If you want to have an online presence these days it is impossible to do so without your own website or blog. While many blogging platforms such as WordPress.com are free to use they do limit you in the sense of what you are allowed to do. Therefore it is recommended that you consider web hosting. The biggest issue new computer users face is a lack of knowledge about the technical terms used by web hosting companies. The “fear” or “insecurity” of the unknown turns many users away, which is a shame really because they are cutting themselves short.
To help you understand common web hosting terms we have written this article so that you can take advantage of the offers like a pro – even as a total newcomer to the Internet.
Web hosting: Web hosting is like having your own online home for your website. Without a host you would be hard-pressed to be found online because it is the real estate on which your website (online home) is situated on. While you can host a blog or website for free on many online platforms you are extremely limited in your options.
If you are a business or entrepreneur you really want to have your own self-hosted website because the Internet is massive right now and will only continue to grow. You simply can’t afford to be missing out on potential sales and customers due to the steady traffic the web provides.
When you purchase web hosting space, you can then upload files and images to your online real estate, effectively creating a website that will be available to millions of people worldwide.
Domain name: A domain name is your WWW address on the web. While the web host is your real estate, your domain name is your address, much like a physical address. But instead of a street name and number you are given a domain name (www.yourdomain.com).

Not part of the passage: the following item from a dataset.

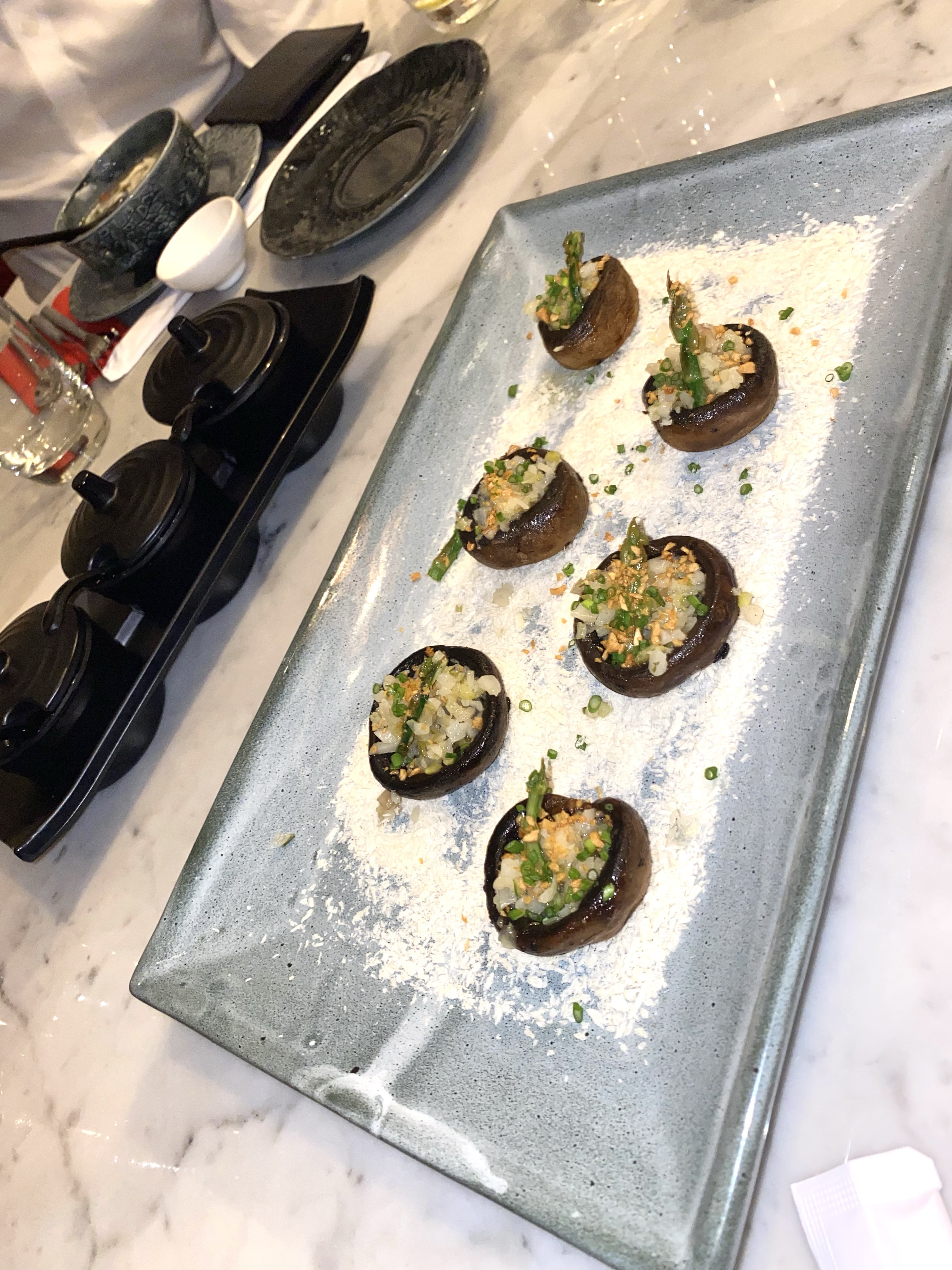 For starters, we chose Chilli Crab Meat Soup, Lemongrass and Coriander soup, Chicken/Prawn Suimai (dim sum), Asparagus Tempura and Truffle Butter Mushroom.

Most web hosts provide you with a domain name of your choice once you register for an account. Alternatively you can also buy them from a domain name registrar.
Database: A database is simply a file which contains organized and structured information such as other files, pictures, music and more. The purpose of a database is to allow users access to information in a secure digital way by means of a login. A typical example is a self hosted WordPress blog which requires a database to function.

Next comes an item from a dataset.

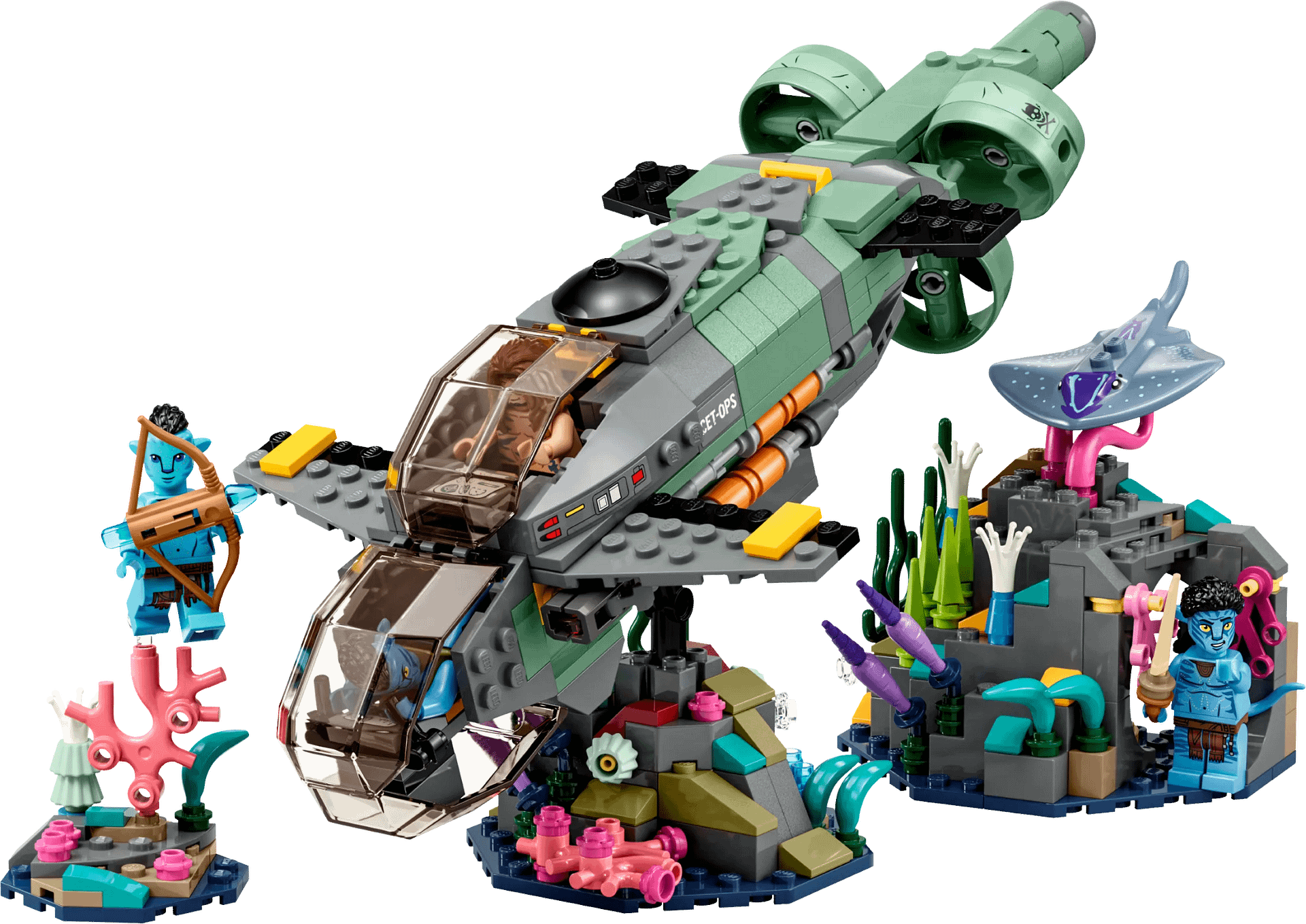 - What’s in the box – Includes all you need to create a toy Avatar Mako submarine, 3 Pandoran ocean coral settings including a cave, and Neteyam, Ao’nung, Spider and RDA Quaritch minifigures

The owner would then be able to login to the admin section of the blog while readers can browse it with the help of the Internet without needing to login (unless the blog is made private).
MySQL: MySQL is the world’s most popular database for open source, meaning everybody can tweak and twiddle with the software however they deem fit. MySQL stands for “Structured Query Language.” These days most good hosts use MySQL databases due to their ability to deal with web languages such as PHP (which is code to laymen) but provides a more dynamic setup.

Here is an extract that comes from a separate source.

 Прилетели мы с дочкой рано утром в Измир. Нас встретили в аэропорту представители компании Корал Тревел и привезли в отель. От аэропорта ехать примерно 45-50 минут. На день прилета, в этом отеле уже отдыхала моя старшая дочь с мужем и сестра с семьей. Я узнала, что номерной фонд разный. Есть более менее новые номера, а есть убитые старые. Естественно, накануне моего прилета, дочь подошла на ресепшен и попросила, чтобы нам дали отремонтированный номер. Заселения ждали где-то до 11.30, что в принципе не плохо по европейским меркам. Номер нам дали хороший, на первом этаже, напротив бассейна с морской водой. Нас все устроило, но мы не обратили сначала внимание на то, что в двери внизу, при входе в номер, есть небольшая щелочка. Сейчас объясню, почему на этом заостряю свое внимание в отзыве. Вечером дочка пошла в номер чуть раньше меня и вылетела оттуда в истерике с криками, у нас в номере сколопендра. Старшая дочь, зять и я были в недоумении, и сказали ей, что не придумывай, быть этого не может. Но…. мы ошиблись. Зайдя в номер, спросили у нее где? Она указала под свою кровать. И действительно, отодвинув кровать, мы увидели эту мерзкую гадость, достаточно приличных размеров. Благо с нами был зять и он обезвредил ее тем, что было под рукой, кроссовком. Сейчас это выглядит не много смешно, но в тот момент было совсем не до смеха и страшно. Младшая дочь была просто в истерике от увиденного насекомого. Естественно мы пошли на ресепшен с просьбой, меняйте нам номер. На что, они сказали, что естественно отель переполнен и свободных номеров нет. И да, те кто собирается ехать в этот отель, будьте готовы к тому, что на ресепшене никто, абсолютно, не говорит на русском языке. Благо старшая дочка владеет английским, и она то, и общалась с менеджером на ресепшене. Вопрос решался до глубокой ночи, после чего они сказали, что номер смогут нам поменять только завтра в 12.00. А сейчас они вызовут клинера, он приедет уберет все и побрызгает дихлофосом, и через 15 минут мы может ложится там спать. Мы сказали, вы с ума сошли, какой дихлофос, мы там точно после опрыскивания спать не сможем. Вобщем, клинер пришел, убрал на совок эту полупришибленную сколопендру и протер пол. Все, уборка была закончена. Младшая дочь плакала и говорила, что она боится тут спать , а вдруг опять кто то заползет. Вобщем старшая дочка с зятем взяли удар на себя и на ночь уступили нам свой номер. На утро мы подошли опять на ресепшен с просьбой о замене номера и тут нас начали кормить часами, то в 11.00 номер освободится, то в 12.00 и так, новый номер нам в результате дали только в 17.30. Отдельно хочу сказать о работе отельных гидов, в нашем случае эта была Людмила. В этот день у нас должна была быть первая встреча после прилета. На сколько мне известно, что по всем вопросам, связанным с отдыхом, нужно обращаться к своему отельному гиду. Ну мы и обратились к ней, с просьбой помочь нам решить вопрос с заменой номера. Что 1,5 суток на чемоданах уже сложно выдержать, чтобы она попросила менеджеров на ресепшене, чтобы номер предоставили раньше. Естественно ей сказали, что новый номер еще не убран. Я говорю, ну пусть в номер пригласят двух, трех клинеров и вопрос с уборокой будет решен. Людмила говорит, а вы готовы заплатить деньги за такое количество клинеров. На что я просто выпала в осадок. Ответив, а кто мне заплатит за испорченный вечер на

Disk Space: This terminology refers to the “virtual floorspace” you are given by your web hosting company. The hard disk space sits on the computers of your host, acting as your web server. Depending on the size of your website you might need more or less space. Many people start out with a small account and then gradually increase it if the need arises. Most users will never even use the amount of disk space given to them by their web host.
Bandwidth: The best way to imagine Bandwidth is to compare it to the amount of visitors and traffic you receive in your home each month. The more traffic your website has, the more data will be used. If your homepage is 40KB in size then each visitor to your website will use 40KB of data. This multiplies by the total amount of visitors you have on your website each month and then some because your own visits count as well.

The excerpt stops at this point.